Generalized additive mixed models (GAMMs, [40]) with a Poisson error distribution and a log link were used to analyse the variability in the five main prey categories brought home by cats (i.e., soricids, cricetids, murids, passeriformes, and lacertids). These models allow us to characterize nonlinear relationships and to detect minimum, maximum, and inflexion points and threshold values. These variations are expressed by the number of effective degrees of freedom (“edf”) estimated by the models. An edf value of 1 is equivalent to a linear relationship; an edf greater than 1 and less than 2 indicates a weak nonlinear relationship; and when the edf is greater than 2, the relationship is strongly nonlinear [42].
We used seven explanatory variables in each GAMM: month (discrete variable, range: 1–12, scaled centred), HFI (continuous variable, scaled centred), mean annual rainfall (continuous variable), latitude and longitude coordinates (continuous variable, transformed into metric coordinates in the Lambert II extended projection system), age (continuous variable, range: 0–14), and sex (categorial variable with two levels: female, male). The effect of month was fitted with a cyclic cubic regression spline following Krauze-Gryz et al. [21], while the effects of HFI, rainfall, and age by sex were fitted with a cubic regression spline. The effect of latitude and longitude was investigated by producing a full tensor product smooth especially useful for representing functions of covariates.
In each GAMM, cat identity, county, and year of observation were included as random effects and fitted with a ridge penalty spline. Indeed, the significant variability in the data collection effort between 2015 and 2022 is related to the history of the project, with years with little or no activity resulting in less information on prey brought home. Similarly, each cat has its own profile of hunting behaviour, with cats for which many predation records have been made sometimes being particularly focused on a group of small mammals, whereas most monitored cats have only one predation record in the whole project. Additionally, we assumed that cats living closely in space (i.e., at the county scale), would have more similar prey species brought home than cats living at larger distances from each other.
The collinearity between explanatory variables was investigated, so the mean annual rainfall variable was preferred to the temperature variable. Full models were validated by graphic inspection following Zuur et al. [43]. All analyses were performed in the R 4.2.2 environment (R Core Team 2022) with RStudio 2022.12.0 (RStudio Team 2022), using ‘mgcv 1.8-41’ (bam function, [44]) and ‘mgcViz 0.1.6’ [45] packages and codes provided by Zuur et al. [42].

3. Results

3.1. Prey Species Brought Home by Cats

Over the 8-year survey period, 3073 cats’ owners only reported prey returned home once, while 2610 cats’ owners reported at least two preys, of which 812 were very active, reporting at least 10 prey items (Figure 2). The mean (±SD) length of time owners reported over was 3.1 months ± 5.0 months.

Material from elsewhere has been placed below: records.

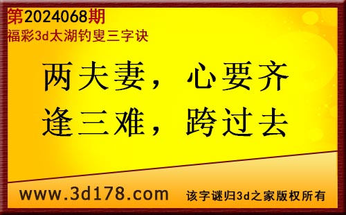 3d第2024068期太湖图库解字谜:两夫妻,心要齐,逢三难,跨过去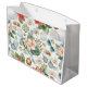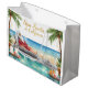 This bright modern watercolor large gift bag features a funny, glamorous close-up of Santa Claus at a California spa — complete with cucumber slices on his eyes, a white towel turban, and a red-and-white Hawaiian shirt peeking through.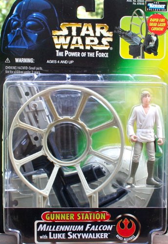 MILLENNIUM FALCON WITH LUKE SKYWALKER * GUNNER STATION * 1997 Star Wars Power of the Force Action Figure Battle Scene. Re-enact classic Star Wars battle scenes from the Millennium Falcon's Gunner Station! Features: Rapid Fire Quad Laser Cannon & Gunner Swivel Chair! Interlocks with the Han Solo Gunner Station (SOLD SEPARATELY). Originally released in 1997. Ages 4 and up. From Kenner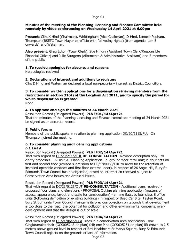 Page 01 Minutes of the meeting of the Planning Licensing and Finance Committee held remotely by video conferencing on Wednesday 14 April 2021 at 6.00pm Present: Class K Hind (Chairman), Whittingham
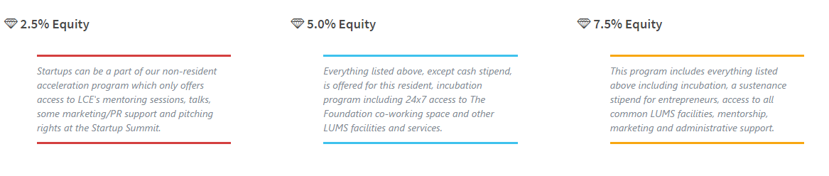The Foundation offers 4 months of co-working office facility at LUMS, access to all the labs and IT infrastructure of the university, regular mentoring, access to investors at the Startup Summit and sustenance stipend for up to 4 co-founders. In exchange, LCE takes equity in the startup, ranging from 2.5% to 7.5%.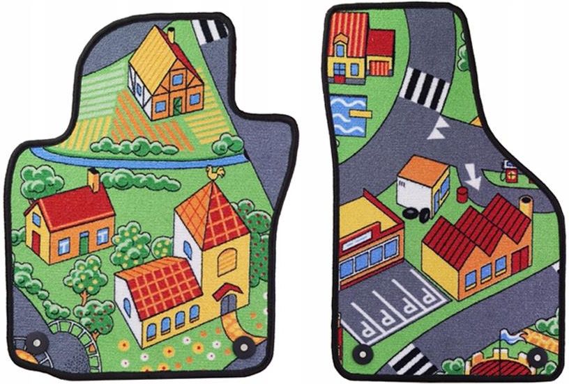 Dywaniki samochodowe welurowe przednie Ulica, 2 szt. W informacji do sprzedającego podaj model auta Dywaniki welurowe samochodowe o oryginalnym, nieszablonowym wzorze. Wykładzina przedstawia: zabudowę wiejską z drogami domki ronda owce szpital oraz wiele innych elementów Wspaniałe dywaniki dla …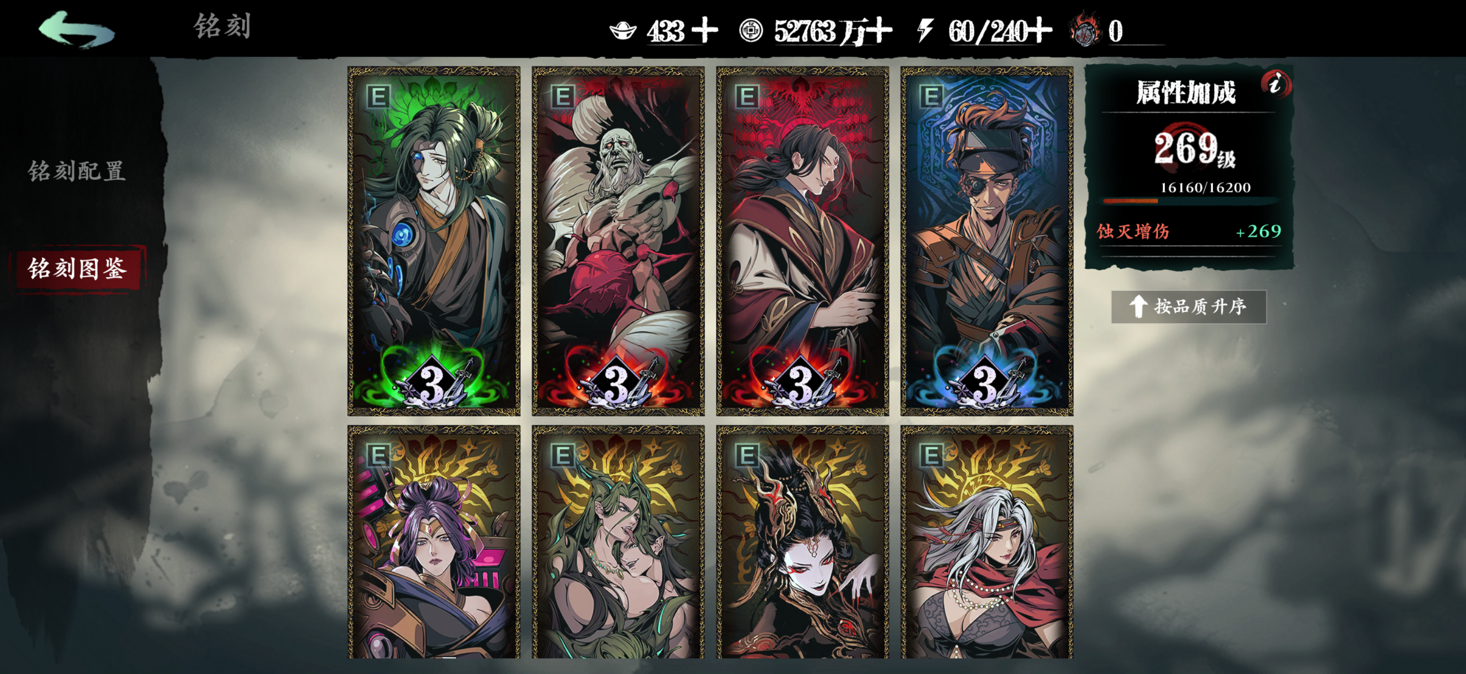 一、心法获取蚀灭是游戏目前唯一不会被稀释的增伤,下面说说如何提升蚀灭等级。1.升级铭刻图鉴等级把红卡和5张稀有橙卡升级到紫6开启铭刻图鉴,提升图鉴等级获得蚀灭。剩下4张普通橙卡和6张紫卡完成【入局试炼】会送的,这10个图鉴相当于白送了。之后消耗一张满级同名心法,可以让该心法的图鉴等级升1级,不推荐资源少的新手这么干。另一种方法是通过某些活动获取50个碎念升1级。2.部分心法铸魂满级把

The mean (±SD) number of individual cats followed by season was 2048.5 individuals ± 551.1. The mean (±SD) number of preys brought home by individual cats over the seasons was 4.5 preys ± 0.5.
During the survey, cats brought home prey belonging to 12 different classes (Actinopterygii, Amphibia, Annelida, Arachnida, Aves, Chilopoda, Clitellata, Gastropoda, Hexapoda, Malacostraca, Mammalia, and Reptilia). The main prey species caught by cats were mammals (68.3%), followed by birds (21.4%) and squamates (8.4%). Among mammals, rodents represented 78.8% of the prey, followed by eulipotyphla (i.e., moles, shrews, and hedgehogs) with 15.8%. Among the eulipotyphla, the vast majority were shrews and shrew-like creatures; the most commonly brought-home species was the Eurasian Common Shrew (Sorex araneus) (accounting for 1% of the total mammals, while over 12% were ‘unidentified shrews’). The remaining percentages are attributed to lagomorphs (2.4%), chiropterans (1.3%), and carnivores (0.3%), while 1.3% of prey were identified as mammals.
If we consider only “small mammals” (Cricetidae, Gliridae, and Muridae), shrews, and related species (Soricidae) (i.e., 23,850 prey items), the most frequently reported species was the House Mouse (Mus musculus: 14.5%), followed by the Common Vole (Microtus arvalis: 3.7%) and the Wood Mouse (Apodemus sylvaticus: 3.5%). However, 64.9% of the small mammal data belong to categories not identified at species level, such as “field mice”, “shrews”, “voles”, and “small rodents (mice, field mice, voles)”, which account for 16.7%, 12.8%, 14%, and 21.4%, respectively, which clearly illustrates the difficulty of identifying these species.
Among birds, 83.3% of the species caught by the cats were Passeriformes, mainly the House Sparrow (Passer domesticus: 14.4%), European Robin (Erithacus rubecula: 9.3%), Eurasian Blackbird (Turdus merula: 8.3%), Eurasian Blue Tit (Cyanistes caeruleus: 6.8%), and Chickadee (Parus major: 6.3%), while 10.2% were unidentified passerines. The remaining percentages were mainly attributed to Columbiformes (5.8%) (including the Eurasian Collared Dove Streptopelia decaocto: 3.1% and Common Wood Pigeon Columba palumbus: 1.2%), Piciformes (0.5%), Caprimulgiformes (0.3%), Galliformes (0.3%), and Gruiformes (0.2%), while 9.3% were unidentified birds.
Among the squamates (<0.1% were unidentified), 92.5% of the species reported by the cats belonged to the Lacertilia family (18.3% were unidentified), including the Common Wall Lizard (Podarcis muralis: 56.7%), the Slow Worm (Anguis fragilis: 6.3%), and the Common Wall Gecko (Tarentola mauritanica: 5.2%). The remaining percentages are attributed to Serpentes (7.3%) and Scincomorpha (0.1%).
Only the following five main categories of preys (identified at least at the order level) were used in analysis: murids (Muridae-identified or not, i.e., 14,196 prey items), cricetids (Cricetidae-identified or not, i.e., 5149 prey items), soricids (Soricidae-identified or not, i.e., 3482 prey items), passerines (6486 prey items), and lizards (2882 prey items).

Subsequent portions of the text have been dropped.